# Shortest and Longest Sceduled Flights

Author: Daniel Eriksson

This notebook demonstrates how to use Python with Pandas
to analyze the [OpenFlights](http://openflights.org) dataset
in order to find the longest and shortest scheduled flights.

In [1]:
import pandas as pd
import numpy as np

Fetch route data

In [2]:
routes = pd.read_csv("openflights/data/routes.dat", sep=',',
     names=[
        'airline',
        'airline_id',
        'source_airport',
        'source_airport_id',
        'dest_airport',
        'dest_airport_id',
        'codeshare',
        'stops',
        'equipment'
    ],
    na_values=r'\N',
)
routes.head()

Unnamed: 0,airline,airline_id,source_airport,source_airport_id,dest_airport,dest_airport_id,codeshare,stops,equipment
0,2B,410.0,AER,2965.0,KZN,2990.0,,0,CR2
1,2B,410.0,ASF,2966.0,KZN,2990.0,,0,CR2
2,2B,410.0,ASF,2966.0,MRV,2962.0,,0,CR2
3,2B,410.0,CEK,2968.0,KZN,2990.0,,0,CR2
4,2B,410.0,CEK,2968.0,OVB,4078.0,,0,CR2


Fetch airport data

In [3]:
airports = pd.read_csv("openflights/data/airports.dat", sep=',',
    names=[
        'airport_id',
        'airport_name',
        'city',
        'country',
        'iata_faa',
        'icao',
        'lat',
        'lng',
        'alt',
        'timezone',
        'dst',
        'tz',
    ],
    index_col=0,
    na_values=r'\N',
)
airports.head()

Unnamed: 0_level_0,airport_name,city,country,iata_faa,icao,lat,lng,alt,timezone,dst,tz
airport_id,Unnamed: 1_level_1,Unnamed: 2_level_1,Unnamed: 3_level_1,Unnamed: 4_level_1,Unnamed: 5_level_1,Unnamed: 6_level_1,Unnamed: 7_level_1,Unnamed: 8_level_1,Unnamed: 9_level_1,Unnamed: 10_level_1,Unnamed: 11_level_1
1,Goroka,Goroka,Papua New Guinea,GKA,AYGA,-6.081689,145.391881,5282,10.0,U,Pacific/Port_Moresby
2,Madang,Madang,Papua New Guinea,MAG,AYMD,-5.207083,145.7887,20,10.0,U,Pacific/Port_Moresby
3,Mount Hagen,Mount Hagen,Papua New Guinea,HGU,AYMH,-5.826789,144.295861,5388,10.0,U,Pacific/Port_Moresby
4,Nadzab,Nadzab,Papua New Guinea,LAE,AYNZ,-6.569828,146.726242,239,10.0,U,Pacific/Port_Moresby
5,Port Moresby Jacksons Intl,Port Moresby,Papua New Guinea,POM,AYPY,-9.443383,147.22005,146,10.0,U,Pacific/Port_Moresby


Define function for computing distance between coordinates.
The [haversine formula](http://www.movable-type.co.uk/scripts/latlong.html)
should be accurate for a range of distances.

In [4]:
def deg2rad(deg):
    """Convert degrees to radians. Works on numpy arrays"""
    return np.pi*deg/180.0


def distance(source_lat, source_lng, dest_lat, dest_lng):
    """Calculate distance using the haversine formula"""
    r = 6.371e3  # km
    phi_s = deg2rad(source_lat)
    phi_d = deg2rad(dest_lat)
    d_lambda = deg2rad(dest_lng - source_lng)
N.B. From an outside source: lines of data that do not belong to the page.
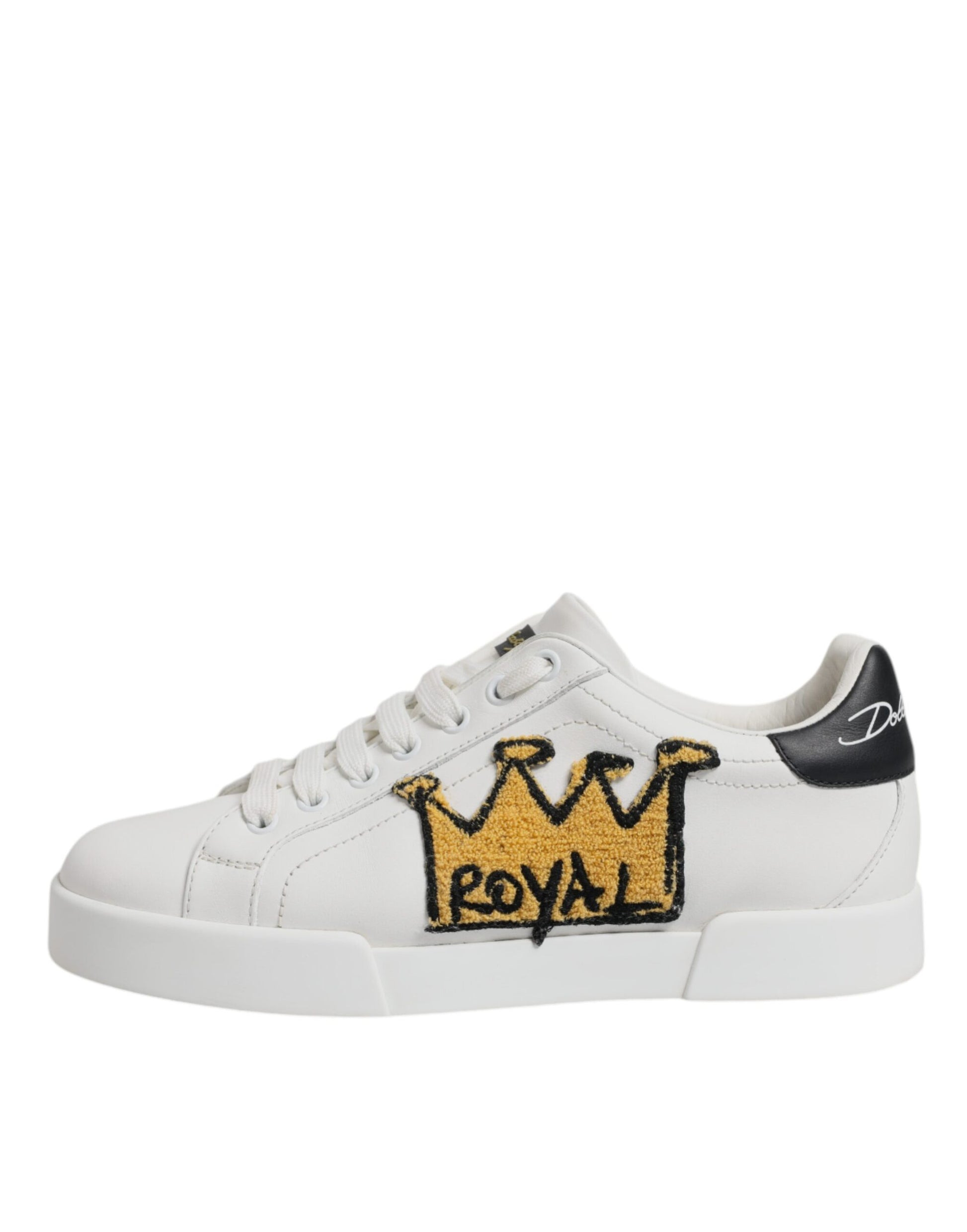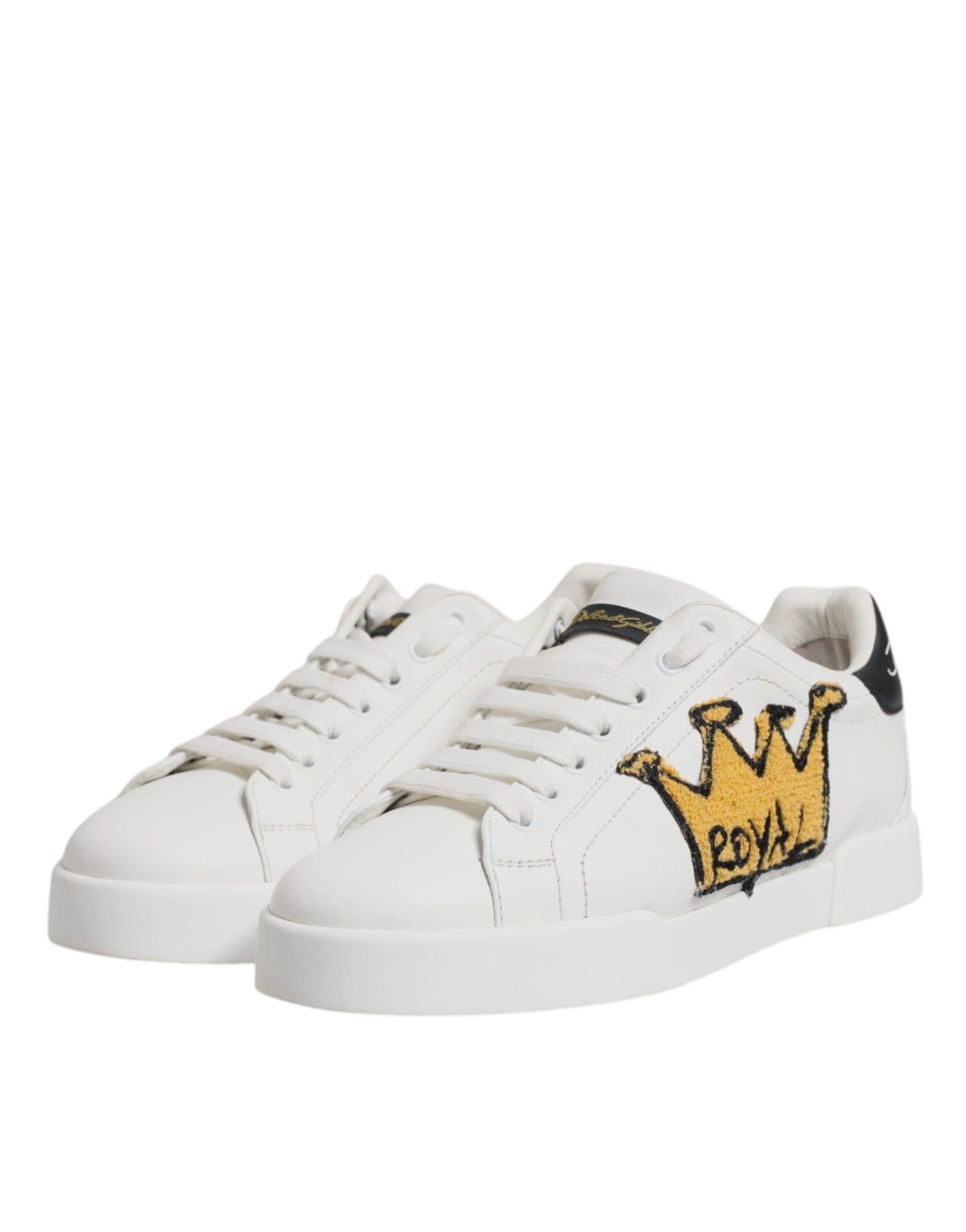 Dolce & Gabbana White Royal Crown Low Top Sneakers Shoes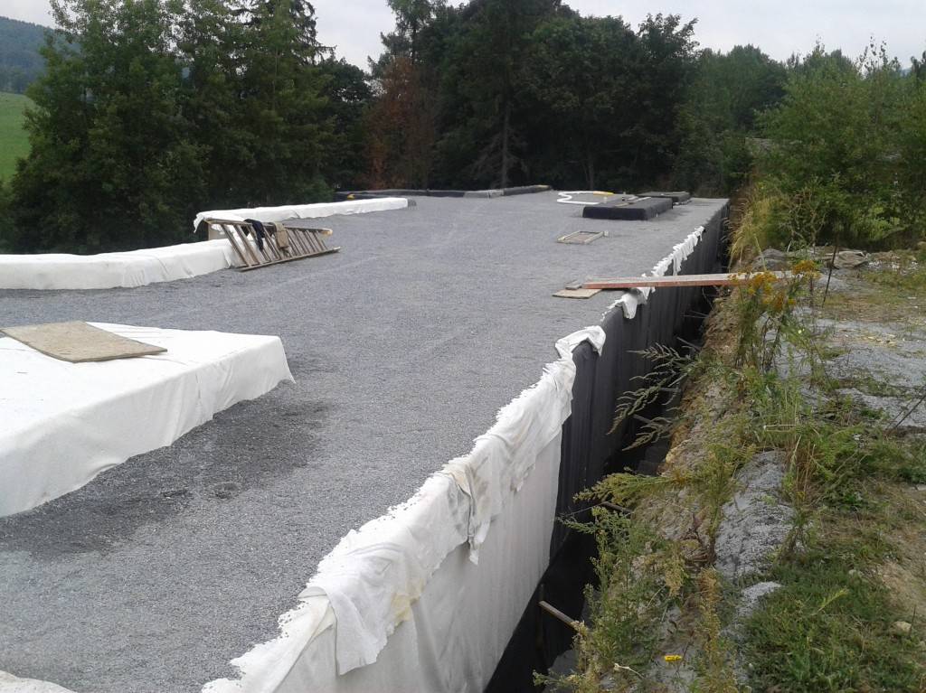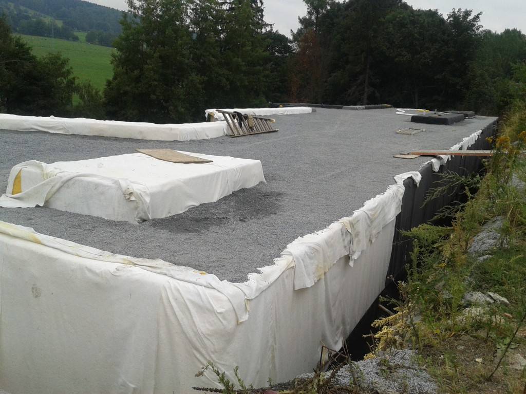 Tepelná izolace a hydroizolace ploché střechy a obvodových stěn podzemního domu, Vrbno pod Pradědem Tepelná izolace a hydroizolace ploché střechy a obvodových stěn podzemního domu, Vrbno pod Pradědem Fotografie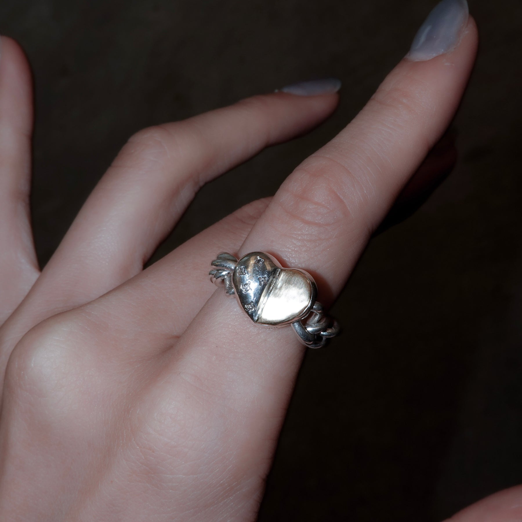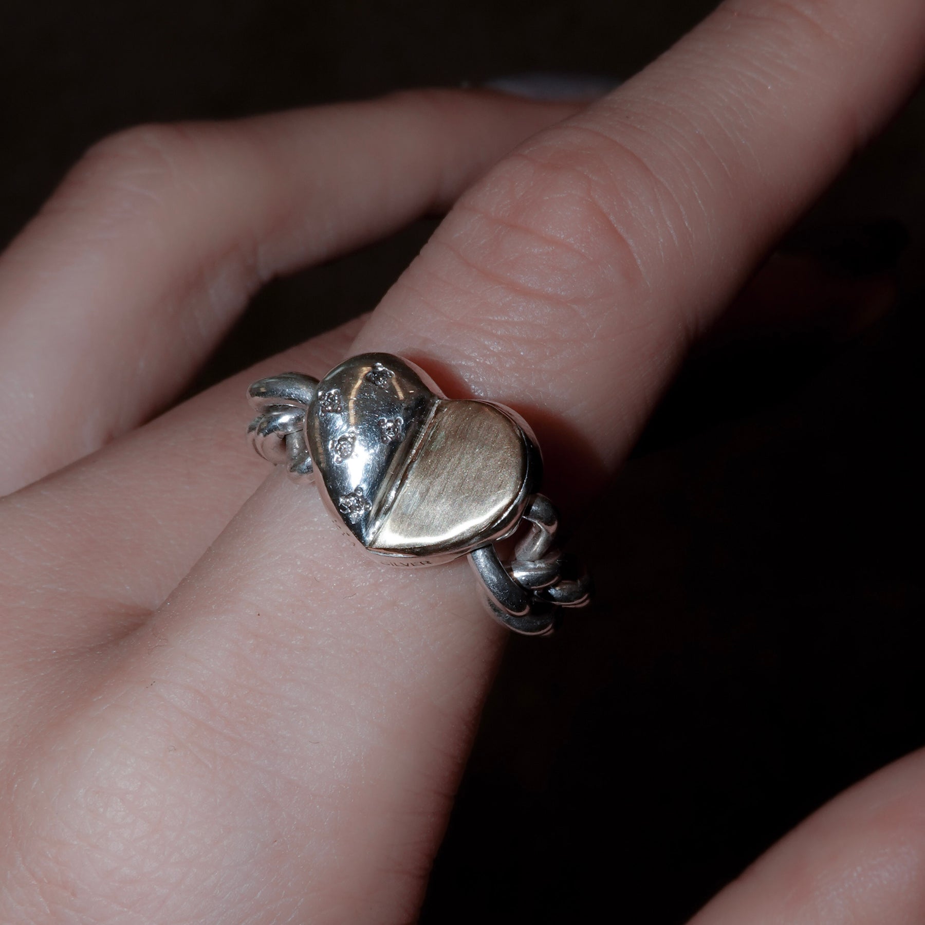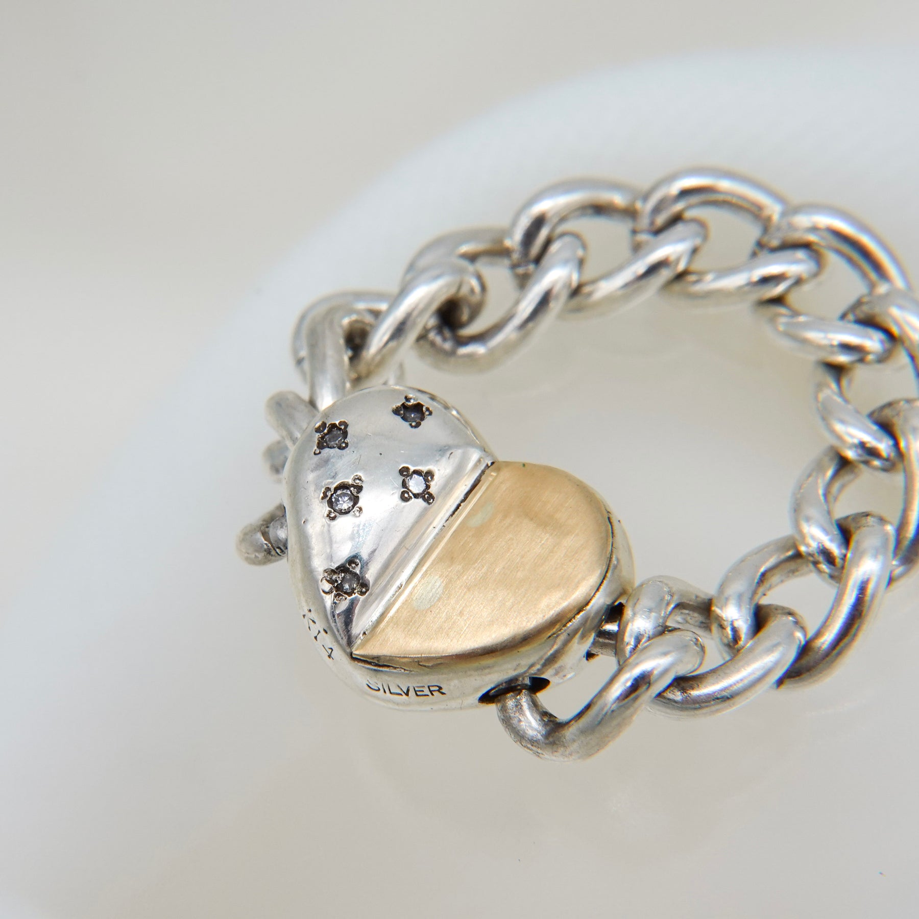 シルバーとゴールドを組み合わせたハートモチーフのチェーンリング。 ハートの片側にはダイヤモンドがあしらわれ、可憐なきらめきを添えられています。リバーシブル仕様のため、その日の気分に合わせて裏表を使い分けられる、遊び心のあるデザインです。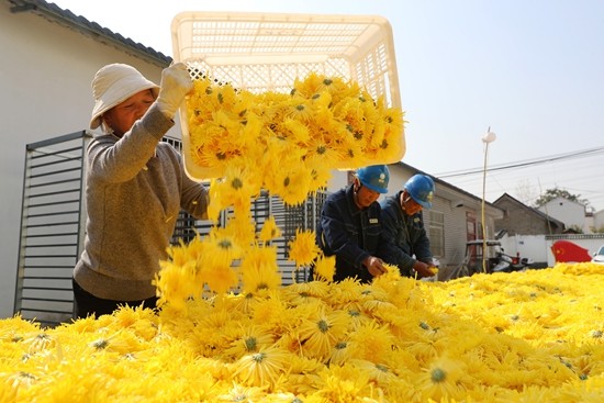 11月6日,河南省许昌市鄢陵县张桥镇裴庄村村民在采收金丝皇菊。立冬节气将至,各地农民抢抓农时,开展采收、播种、农作物管护等农事,田间地头一派繁忙景象。牛书培/摄(新华社发)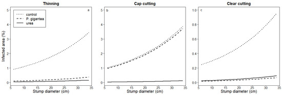 Area covered by Heterobasidion sp. (%) in pine stumps as a function of stump diameter in different treatments (control, P. gigantea, or urea) after (a) thinning, (b) cap cutting, and (c) clear-cutting. Predicted values based on linear mixed models have been used to draw the figure.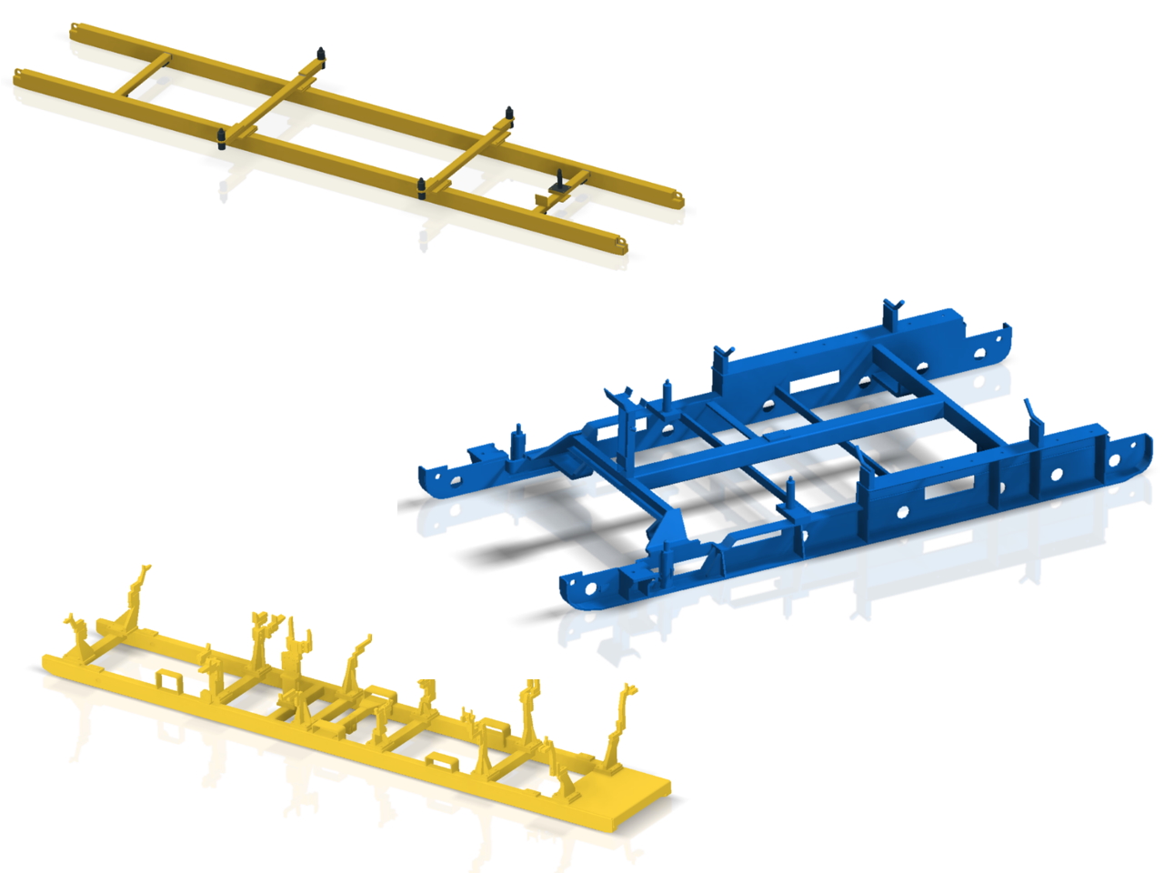 La costruzione dentro alla tolleranza permessa e il corretto processo di fabbricazione garantiscono una Skid che avrà un comportamento stabile in tutto il processo. I modelli di Skids possono essere semplicemente per il trasporto, di trattamento superficiale utilizzati nella pittura e il tipo di Skid di geometria (per linee di saldatura).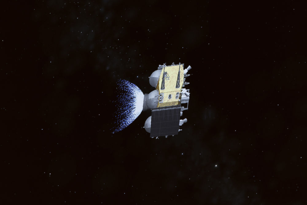 6月4日在北京航天飛行控制中心屏幕上拍攝的嫦娥六號上升器攜帶月球樣品自月球背面起飛的動畫模擬畫面。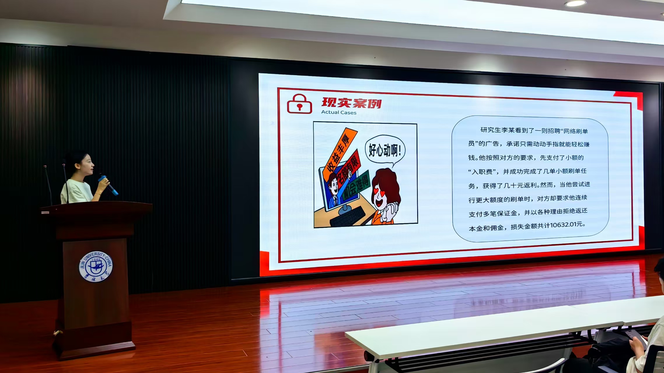 任子寒以“防范网络诈骗,安全教育常识”为主题,深入浅出地分析了当前网络安全面临的新形势、新技术新应用带来的新挑战,并结合具体案例和数据,向新生们普及了网络安全法律法规、个人信息保护、数据安全等方面的知识。她特别强调了设置复杂密码、定期更新软件、警惕网络钓鱼等实用的网络安全防护技巧,为大家提供了宝贵的防范建议。

    a = np.sin((phi_d - phi_s)/2)**2 + np.cos(phi_s)*np.cos(phi_d)*np.sin(d_lambda/2)**2
    c = 2 * np.arctan2(np.sqrt(a), np.sqrt(1-a))

    return r * c;
    

Grab the source and destination ids and look them up in the airports list.
Use the previously defined function `distance` to calculate distances between
source and destination.

In [6]:
route_airport_ids = routes[['source_airport_id', 'dest_airport_id']].dropna()
sources = airports[['airport_name', 'lat', 'lng']].loc[route_airport_ids.source_airport_id]
destinations = airports[['airport_name', 'lat', 'lng']].loc[route_airport_ids.dest_airport_id]

sources.columns = ['source_name', 'source_lat', 'source_lng']
destinations.columns = ['dest_name', 'dest_lat', 'dest_lng']

sources.index = range(sources.shape[0])
destinations.index = range(destinations.shape[0])

route_lens = pd.concat([sources, destinations], axis=1)

route_lens['length'] = distance(
    route_lens['source_lat'],
    route_lens['source_lng'],
    route_lens['dest_lat'],
    route_lens['dest_lng'])

Grab the ten longest flights. There are some duplicates, probably because several
airline fly the route or because code share routes are listed twice.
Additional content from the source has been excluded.